▸ Try it
Copy nothing but the text: reproduce each line of the listing exactly and leave the pictures out.

▸ Recorded data
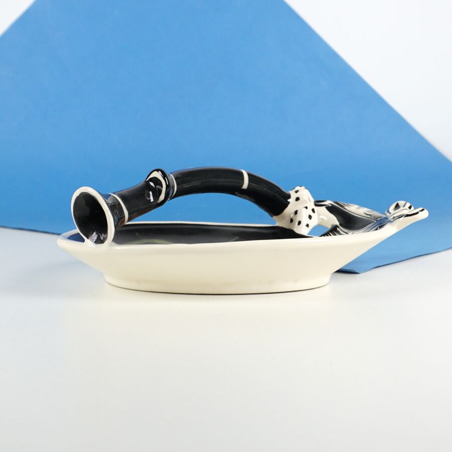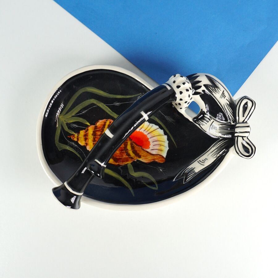 On joint HENRIOT - QUIMPER : Ravier en faïence émaillée polychrome à décor de conque, circa 1950, L. 23 cm.
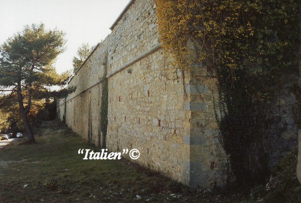 Continuando a girare in senso antiorario e superato l`altro ingresso del fossato settentrionale (in questa immagine è proprio nel macchione che si vede in basso a sinistra), troviamo il muraglione del lato Ovest.
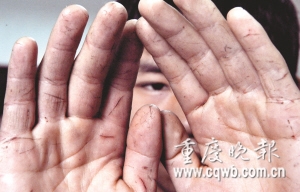 昨日,記者細數(shù)小志雙手傷口,多達26道,遍及手掌、手背和手指,最長的有四五厘米。

▸ Answer section
 On joint HENRIOT - QUIMPER : Ravier en faïence émaillée polychrome à décor de conque, circa 1950, L. 23 cm.
 Continuando a girare in senso antiorario e superato l`altro ingresso del fossato settentrionale (in questa immagine è proprio nel macchione che si vede in basso a sinistra), troviamo il muraglione del lato Ovest.
 昨日,記者細數(shù)小志雙手傷口,多達26道,遍及手掌、手背和手指,最長的有四五厘米。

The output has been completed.